The findings demonstrate that the 5-HTDR→VTA serotonergic circuit plays a crucial role in mediating susceptibility to social stress. Decreased activity in this circuit is associated with vulnerability, while increased activity promotes resilience. The results support both the serotonergic neurotransmission and diathesis-stress hypotheses of psychiatric disorders. The study clarifies that treating DR serotonergic neurons as a homogenous population may lead to conflicting results, as different subpopulations may exhibit distinct functional roles. The findings support the notion that specific serotonergic circuits, such as the 5-HTDR→VTA pathway, might be key targets for developing novel therapies for stress-related disorders. The co-release of glutamate with serotonin from 5-HTDR→VTA neurons highlights the complex neurochemical interactions involved in regulating stress responses. Further research is needed to identify the precise upstream pathways influencing this circuit and the specific downstream effects within the VTA.

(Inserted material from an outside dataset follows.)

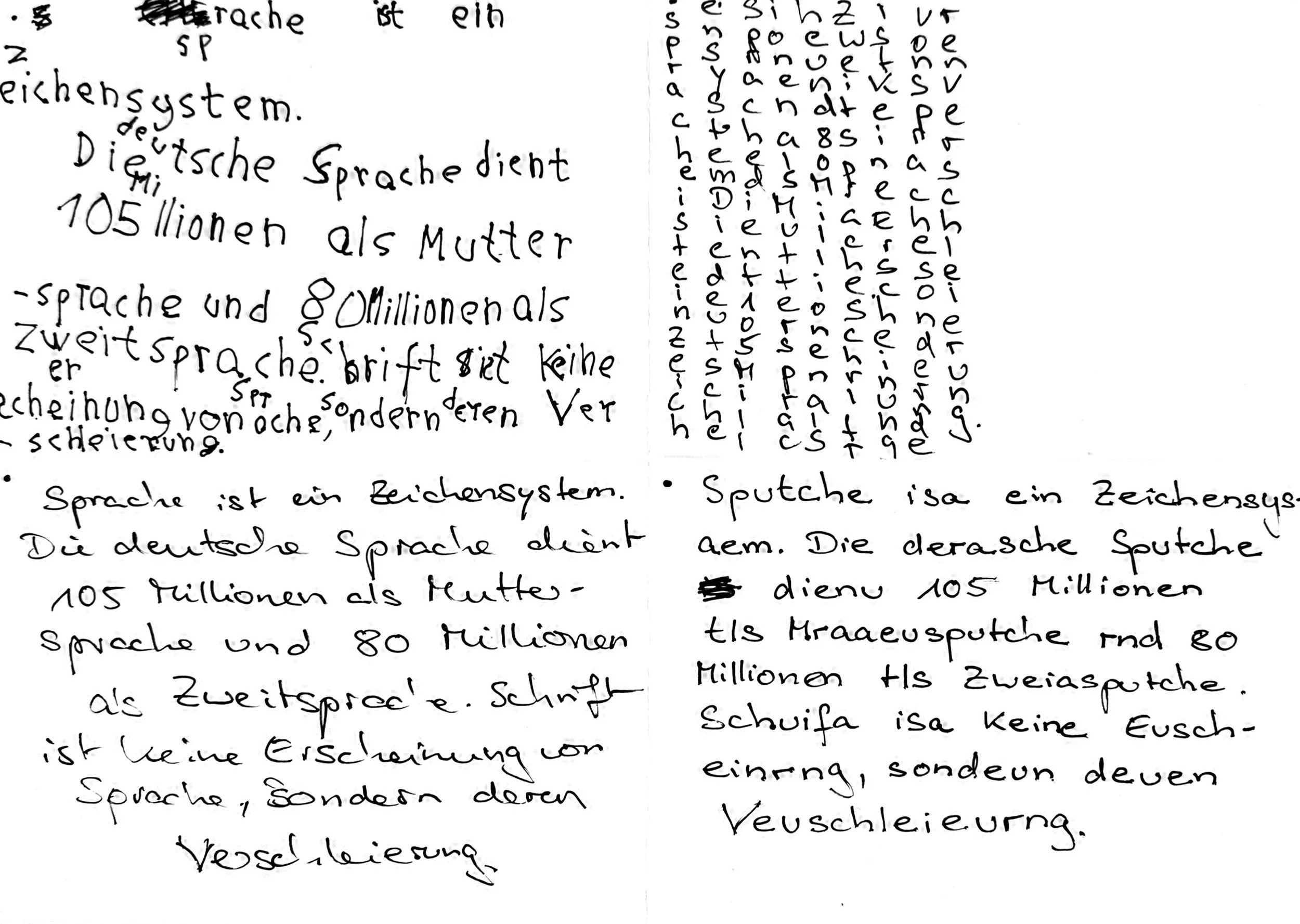 “Aber ich sehe eine Chance in dieser zerstörten Beziehung zur Muttersprache und zur Sprache überhaupt. Man wird ein Wort-Fetischist. Jeden Teil oder sogar jeden Buchstaben kann man anfassen und ändern, man sieht nicht mehr die semantische Einheit, und man lässt sich nicht im Fluss der Rede treiben. Man bleibt überall stehen und macht Nahaufnahmen der Details. Die Vergrößerung der Einzelteile ist verwirrend, weil sie vollkommen neue Bilder von einem vertrauten Objekt zeigt. Genau wie man durch ein Mikroskop die eigene Mutter nicht wiedererkennen kann, kann man die eigene Muttersprache bei einer Nahaufnahme nicht wiedererkennen. Aber in der Kunst geht es nicht darum, die Mutter so darzustellen, dass man sie wiedererkennt.”

This study identified a discrete serotonergic circuit, 5-HTDR→VTA neurons, as a critical regulator of vulnerability to social stress. The bidirectional manipulation of this circuit demonstrates its crucial role in determining stress resilience. These findings suggest that therapeutic strategies targeting this specific circuit could be effective in preventing or treating stress-related psychiatric disorders. Future research should focus on identifying the upstream brain regions modulating this circuit and the specific VTA cell types involved.

The study primarily used male mice, limiting the generalizability to female mice. The chronic social defeat stress model, while widely used, may not fully capture the complexity of human stress experiences. The optogenetic manipulations, while precise, might not entirely mimic the natural dynamics of serotonergic neurotransmission. Further investigation is needed to fully elucidate the complex interplay of neurotransmitters and synaptic plasticity within this circuit in various stress models and in both sexes.